The new law provides more clarity on basic leasing concepts such as financial and operational leasing, and the difference between leasing instalments in financial leasing and in operational leasing. It also defines terms such as sublease, sale and leaseback, and cross-border leasing, which is perceived as essential legal support for leasing companies trying to meet demand in a more sophisticated market. The law also outlines clear rights and obligations of parties in their relationships with suppliers of assets.
According to the amendments brought by Law 287/2006, the minimum share capital of a leasing company, subscribed and fully paid in cash, must be equal to the Romanian lei equivalent of €200,000, compared with ROL500 million (about €15,000) under GO 51/1997. Pursuant to Law 287/2006, leasing companies that have already been incorporated but do not meet these requirements must increase their share capital by December 31 2006.
To ensure more efficient supervision of leasing activities, new legal requirements have been established, such as:
- the annual financial statements of all leasing companies must be audited by external accredited auditors – natural or legal persons;
- leasing companies must periodically report to, and have the right to check with, the banking-risk database of the National Bank of Romania, in accordance with the norms of the National Bank of Romania, which have not yet been issued.
If the lessor is subject to bankruptcy and/or reorganization procedures, all the lessee's rights over the leased asset deriving from the leasing agreement will be opposable to the syndic judge and to the creditors.
Law 287/2006 states that a leasing agreement should contain a clause to define the contract as financial or operational leasing, to avoid any confusion.
It also defines a financial leasing instalment as a quota of the asset's entry value plus the leasing interest set by the parties' agreement, while for operational leasing the instalment is established by mutual agreement of the parties, but not mandatorily as a quota of the asset's entry value.
If both parties agree, the law entitles the lessee to purchase the goods before the end of the leasing period, but no earlier than 12 months, provided that all the contractual obligations are executed.
The sublease is defined as being the lessee's possibility to conclude another leasing agreement with the same object with another person acting as a final lessee/user, with the lessor's prior written approval. Sublease contracts could be concluded only if the lessee is observing the requirements imposed on leasing companies.

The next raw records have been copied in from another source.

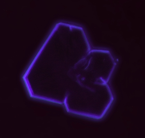 wenn ihr noch mal so einen Kristall mit Leuchtkanten habt: mal in Wasser oder Glycerin einlegen (Anthracen ist in beiden unlöslich). Passiert dann was?
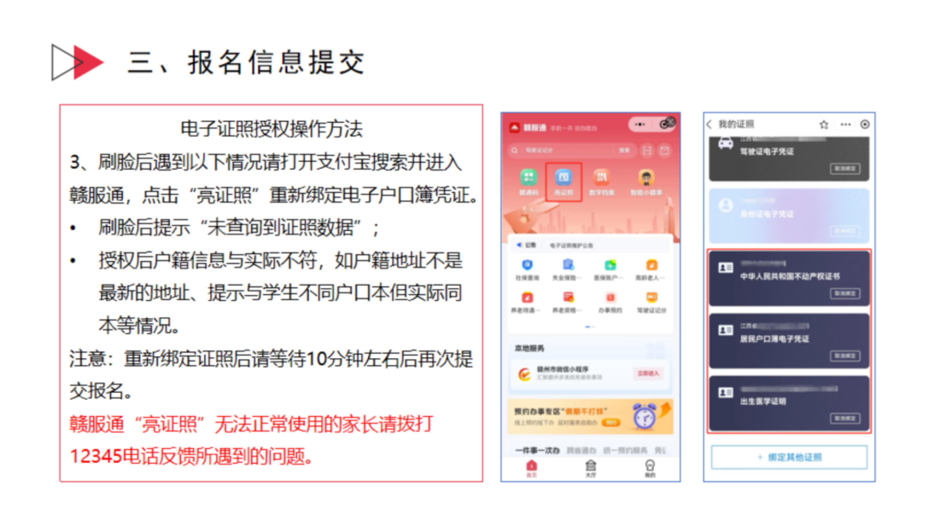 答:领取电子证照主要是便于后面报名时更加方便快捷,如您是江西省户籍则需要领取居民电子户口簿凭证,如非江西省户籍则无需操作。如您在本地区有房(不动产),为了便于后续报名操作建议领取不动产证照,无房的则无需操作。如您在“赣服通”亮证照里面没有查询到你报名所需要的房产,可以到报名时间进入系统进行报名,查询看是否有你报名所需房产,系统所对接的数据相对较全。如您的房产性质是公租房无需通过亮证照去领取绑定。
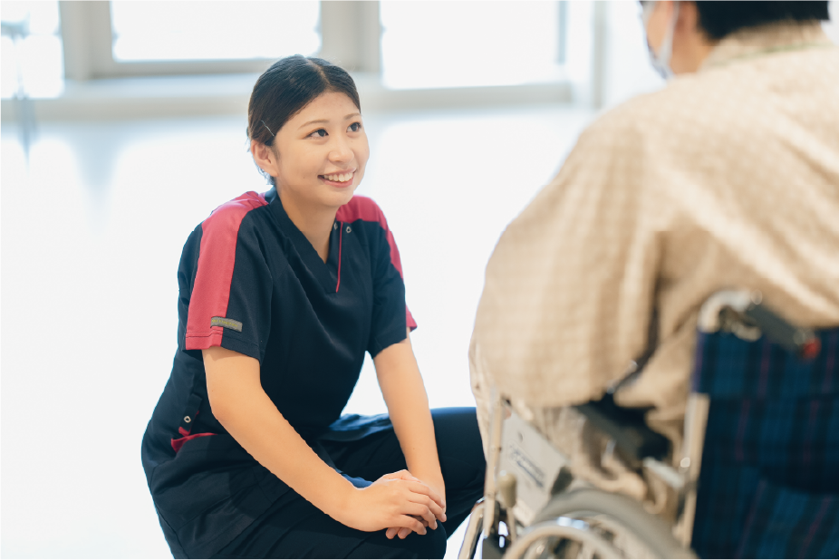 丹波圏域の中核病院として地域の方々の「いのち」と「健康」と「くらし」を守る看護を行っています。隣接する丹波市健康センターや地域の支援者と強く連携し、患者さんを中心としたチーム医療で、生命の誕生から、予防医療、ターミナル期に至るまで、人のあらゆる発達・健康段階に丁寧に関り、こころに響く看護を提供しています。

Other modifications refer to:
- the fact that intangibles are allowed to form the object of a leasing agreement;
- the fact that, even if a leasing contract ends before one year due to the lessee's default or because the object of the agreement ceases to exist, the contract will continue to be treated as a leasing contract and the asset, from fiscal and accounting point of view, as the object of the lease;
- the extension of the enforceability of leasing agreements to all personal and real securities used to guarantee the fulfilment of the obligations derived from the leasing agreement;
- the costs related to insurance of the leased asset will be incurred by the lessee if not otherwise provided by the leasing agreement; and
- for assets that are the object of leasing agreements concluded between a Romanian lessor and a foreign lessee and are treated under the customs regime of temporary export, the term within which they are returned to the lessor or assigned new custom destination must not exceed seven years.

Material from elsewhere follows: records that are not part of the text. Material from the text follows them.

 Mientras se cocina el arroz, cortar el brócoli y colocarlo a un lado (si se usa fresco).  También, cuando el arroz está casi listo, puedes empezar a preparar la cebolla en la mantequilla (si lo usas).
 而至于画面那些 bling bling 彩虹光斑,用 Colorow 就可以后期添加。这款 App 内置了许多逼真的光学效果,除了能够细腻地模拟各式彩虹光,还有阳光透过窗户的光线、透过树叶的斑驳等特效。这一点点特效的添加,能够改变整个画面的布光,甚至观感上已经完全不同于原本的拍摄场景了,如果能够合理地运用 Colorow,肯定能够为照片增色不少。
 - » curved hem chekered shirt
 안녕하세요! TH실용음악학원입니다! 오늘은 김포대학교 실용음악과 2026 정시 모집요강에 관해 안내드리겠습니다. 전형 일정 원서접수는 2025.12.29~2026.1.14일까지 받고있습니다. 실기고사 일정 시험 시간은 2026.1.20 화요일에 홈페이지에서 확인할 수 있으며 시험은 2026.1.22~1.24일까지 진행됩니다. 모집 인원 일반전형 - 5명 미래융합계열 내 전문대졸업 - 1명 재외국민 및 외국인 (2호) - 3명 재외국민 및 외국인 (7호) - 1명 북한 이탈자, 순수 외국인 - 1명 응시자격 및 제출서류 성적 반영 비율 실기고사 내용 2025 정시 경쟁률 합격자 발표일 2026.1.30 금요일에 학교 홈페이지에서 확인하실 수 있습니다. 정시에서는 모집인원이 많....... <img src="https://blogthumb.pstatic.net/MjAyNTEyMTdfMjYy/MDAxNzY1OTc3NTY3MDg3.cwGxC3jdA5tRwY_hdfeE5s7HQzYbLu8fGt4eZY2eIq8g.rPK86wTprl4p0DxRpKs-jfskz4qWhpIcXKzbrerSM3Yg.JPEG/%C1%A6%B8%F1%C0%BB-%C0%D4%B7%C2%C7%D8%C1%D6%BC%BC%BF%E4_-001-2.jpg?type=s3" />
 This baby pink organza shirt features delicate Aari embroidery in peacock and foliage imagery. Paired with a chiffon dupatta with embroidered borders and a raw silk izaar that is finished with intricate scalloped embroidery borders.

Before Law 287/2006 came into force, the leasing legislation was amended by the regulations governing non-banking financial institutions, which include financial leasing among the credit activities that can be performed by such institutions.
Also, amendments to the Fiscal Code brought a clearer definition of operational and financial leasing to comply with International Accounting Standards and recognized the financial leasing as a financial service in relation to profit deductibility.